Este era un colegio muy especial y diferente al resto: era laico y hacía excursiones por el país. Cuando mi abuelo fue a visitarlo no lo pudo ver, pues los estudiantes estaban en los Llanos. Regresó al mes y tampoco lo encontró. Finalmente concluyó que el colegio no servía, que en él no enseñaban nada porque vivían de paseo. Entonces lo mandó a Estados Unidos, donde tenía su oficina de exportación de café. Allí se quedó mi papá por muchos años, por más de una década. En ese país se graduó del colegio y estudió economía en Philadelphia, para convertirse así en uno de los primeros economistas del país.

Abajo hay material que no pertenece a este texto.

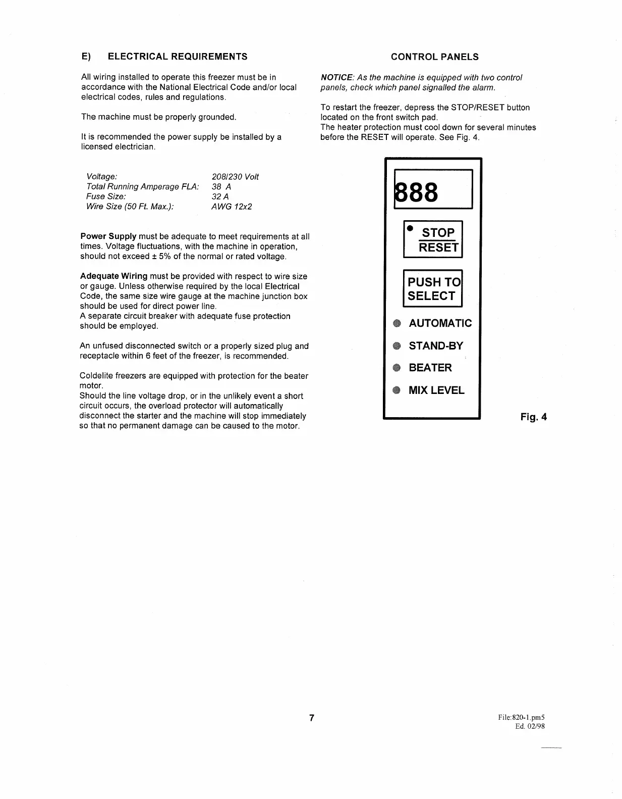 Coldelite UF 820 E TRONIC - Control Panel; Electrical Requirements

Como mi abuelo tenía la importadora de cemento, y una vez graduado mi papá, él lo mandó a Bélgica, país proveedor, para que allí aprendiera de este producto. Su proyecto era fundar una gran fábrica de cemento en Colombia y lo logró con Cementos del Valle. Cuando murió mi abuela, mi abuelo decidió repartir la hacienda entre sus hijos, lo que hizo que mi papá se desligara de la cementera para dedicarse al campo.

Uno de mis tíos, Luis Jaramillo Montoya, gobernador del departamento, conoció a un italiano que le comentó que tenía la posibilidad de hacer un gran negocio en Colombia. Se trataba de la fabricación del tanino, producto que proviene del mangle. Fundaron la industria en el Pacífico, en una pequeña isla en la Bocana, cerca a Buenaventura, e invitó a mi padre para que se uniera. Entonces mi papá viajaba con alguna frecuencia a Manizales hasta que un día, barbado y con aspecto de explorador, pasó por una calle y vio en un balcón a una mujer de una belleza sublime.

Rama materna

La familia de mi mamá, Judith González, también era de Manizales. Armenia estaba recién fundada cuando mi abuelo, César González, fue nombrado gerente de la electrificadora que acababa de construir la familia Laserna de Ibagué. Se trasladó allá cuando ya estaba casado con mi abuela, María Mejía.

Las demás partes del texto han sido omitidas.